CHICAGO – Treating diarrhea-predominant irritable bowel syndrome with mesalazine for 12 weeks failed to improve stool frequency or other symptoms, compared with placebo, in a multicenter, randomized double-blind trial with 115 patients.
Stool frequency decreased in both groups from a mean of four bowel movements per day to three per day by weeks 11 and 12. Mesalazine (also known as mesalamine or 5-aminosalicylic acid) also produced no significant differences, compared with placebo, in secondary outcomes, including abdominal pain scores, stool consistency, satisfactory relief of symptoms of irritable bowel syndrome (IBS), anxiety, depression, or Patient Health Questionnaire–12 Somatic Symptoms scores, Dr. Ching Lam reported at the annual Digestive Disease Week.
Patients took 2 g/day of mesalazine or placebo for 1 week and then increased the dose to 2 g b.i.d. if they could tolerate it.

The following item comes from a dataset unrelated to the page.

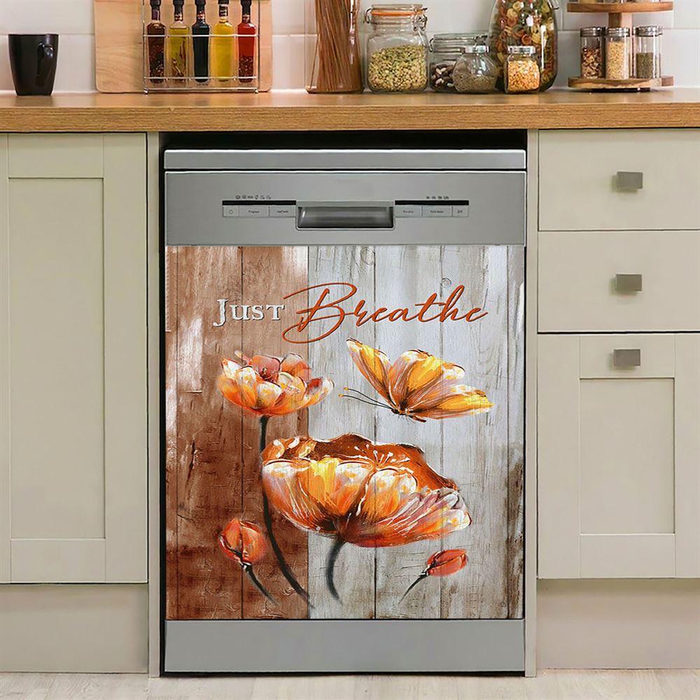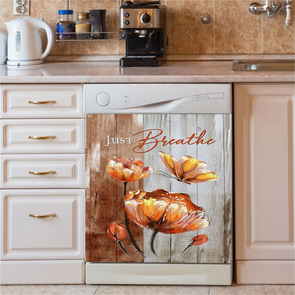 Just Breathe Anemone Flower Butterfly Dishwasher Cover, Christian Dishwasher Wrap, Bible Verse Kitchen Decoration

All were adults with diarrhea-predominant IBD who had completed a prerandomization 2-week stool diary showing a stool frequency of at least three per day for more than 2 days per week and a stool consistency of at least 25% type 5-7 and less than 25% type 1-2 on the Bristol Stool Form Scale. All underwent a baseline colonoscopy/sigmoidoscopy before randomization to exclude patients with microscopic or inflammatory colitis. The study also excluded patients who were taking NSAIDs or other drugs that affect gut motility and patients with a history of abdominal surgery or renal or liver impairment.
The study initially randomized 136 patients, but 11 in the mesalazine group and 10 on placebo were excluded from the intent-to-treat analysis of results because they withdrew consent, were lost to follow-up, or had an incomplete stool diary at weeks 11-12, or because results were not available due to adverse events, said Dr. Lam of Nottingham (England) University.

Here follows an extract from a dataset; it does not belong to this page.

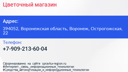 Цветочный магазин по адресу 394052, Воронежская область, Воронеж, Острогожская, 22 в дальнейшем Организация, размещена в следующих категориях:

Clinicians had been interested in mesalazine for diarrhea-predominant IBS because small randomized, controlled pilot studies and some open-label studies had suggested that the drug might improve IBS symptoms of abdominal pain and stool frequency and consistency, especially in patients with postinfectious IBS. The drug is approved to treat ulcerative colitis and some other bowel diseases.

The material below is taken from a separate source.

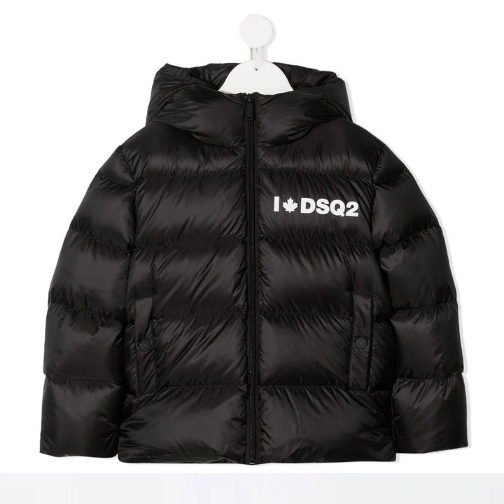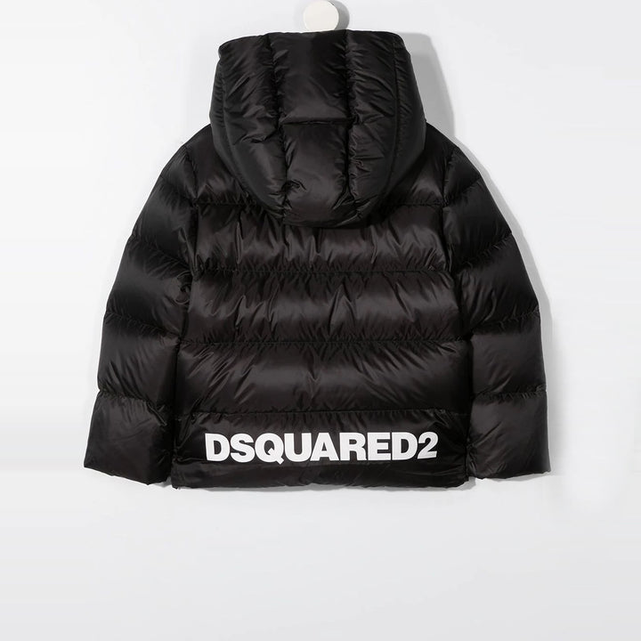 Keep them warm by simultaneously keeping their cool, with this feather down logo padded coat from DSQUARED2 KIDS. It features down-feather filling, classic hood, quilted finish, long sleeves, padded design, logo print at the chest and logo print to the rear.

Those earlier studies also suggested that mesalazine might reduce the numbers of mast cells in unselected cohorts of patients with IBS. In the current study, a subgroup of patients did show elevations in "mast cell percent area stained," and this correlated weakly with urgency and stool consistency, but mesalazine treatment did not reduce the mast cell percent area stained, Dr. Lam reported.
An analysis of results for a small subgroup of patients with postinfectious IBS suggested that mesalazine may benefit them, "but this requires a larger, adequately powered study to confirm," she said. Better phenotyping of the heterogeneous group of patients with IBS and diarrhea would help evaluate any new treatments, she added.
British government agencies funded the trial. Several of Dr. Lam’s coinvestigators reported financial associations with multiple pharmaceutical companies.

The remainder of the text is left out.